Saved entries:

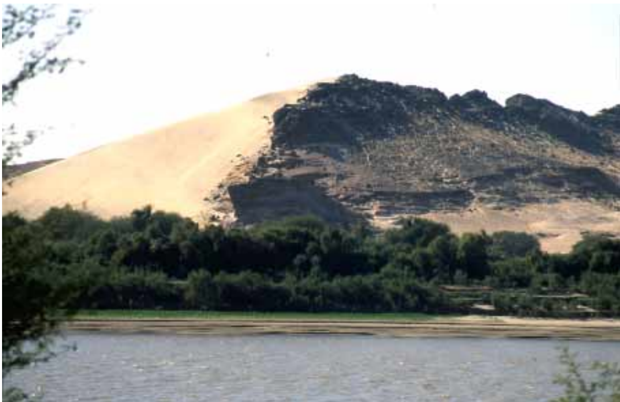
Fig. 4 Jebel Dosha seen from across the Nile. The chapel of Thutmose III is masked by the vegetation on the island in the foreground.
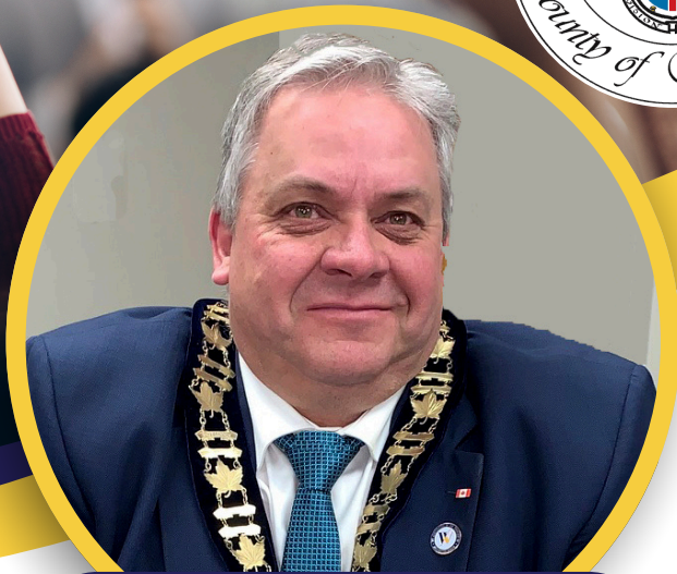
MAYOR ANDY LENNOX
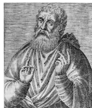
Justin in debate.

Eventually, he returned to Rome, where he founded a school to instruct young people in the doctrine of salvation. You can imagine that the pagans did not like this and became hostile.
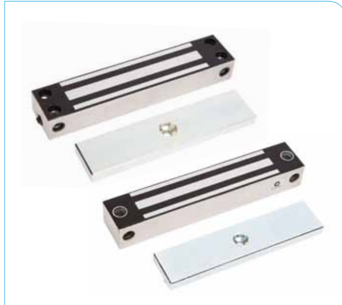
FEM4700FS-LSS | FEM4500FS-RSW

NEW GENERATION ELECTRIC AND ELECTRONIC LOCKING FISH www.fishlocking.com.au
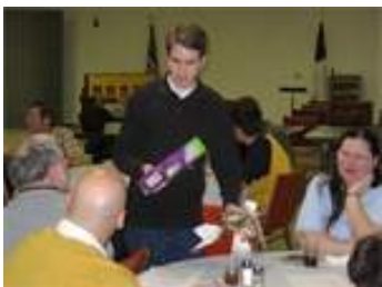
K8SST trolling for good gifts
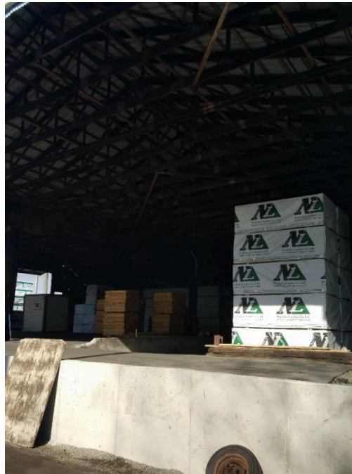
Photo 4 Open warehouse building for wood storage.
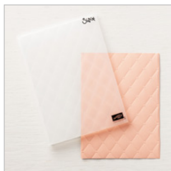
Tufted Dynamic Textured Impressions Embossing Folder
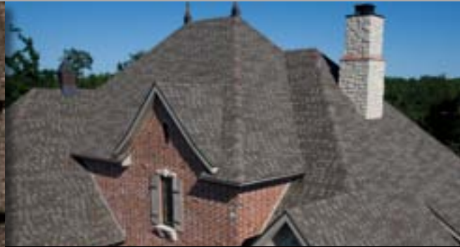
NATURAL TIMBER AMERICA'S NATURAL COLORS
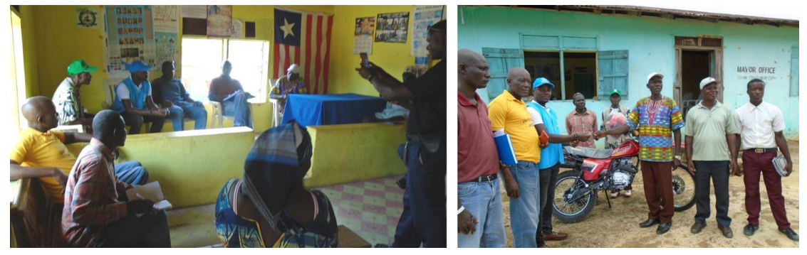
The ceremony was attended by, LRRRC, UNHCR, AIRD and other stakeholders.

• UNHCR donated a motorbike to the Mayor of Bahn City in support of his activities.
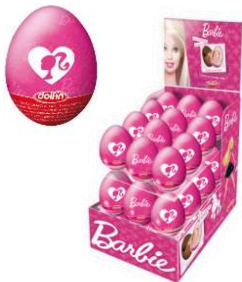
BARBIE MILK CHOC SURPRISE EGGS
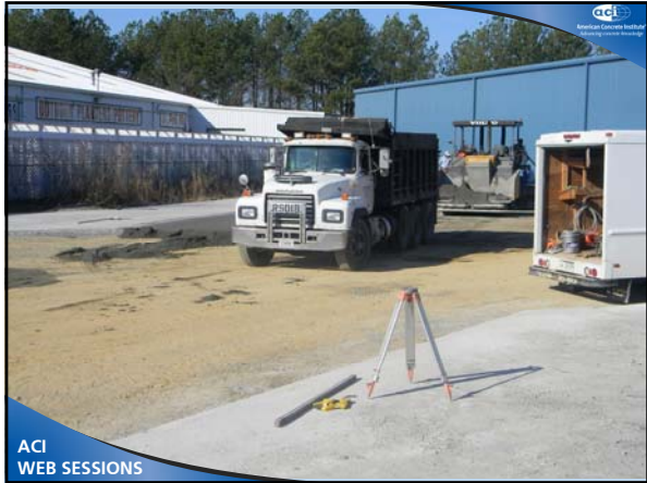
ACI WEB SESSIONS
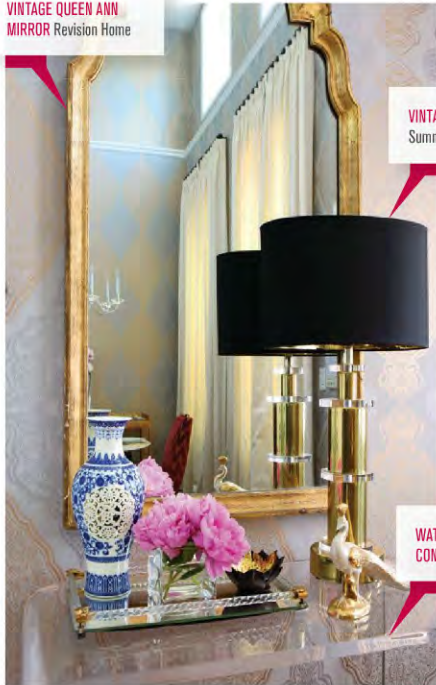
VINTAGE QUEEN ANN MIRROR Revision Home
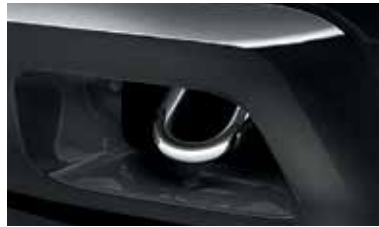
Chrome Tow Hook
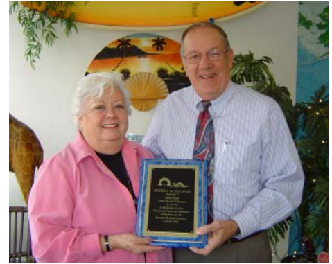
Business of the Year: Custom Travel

Problem description: Return every line above that contains the word "UNHCR".

Response:
The ceremony was attended by, LRRRC, UNHCR, AIRD and other stakeholders.
• UNHCR donated a motorbike to the Mayor of Bahn City in support of his activities.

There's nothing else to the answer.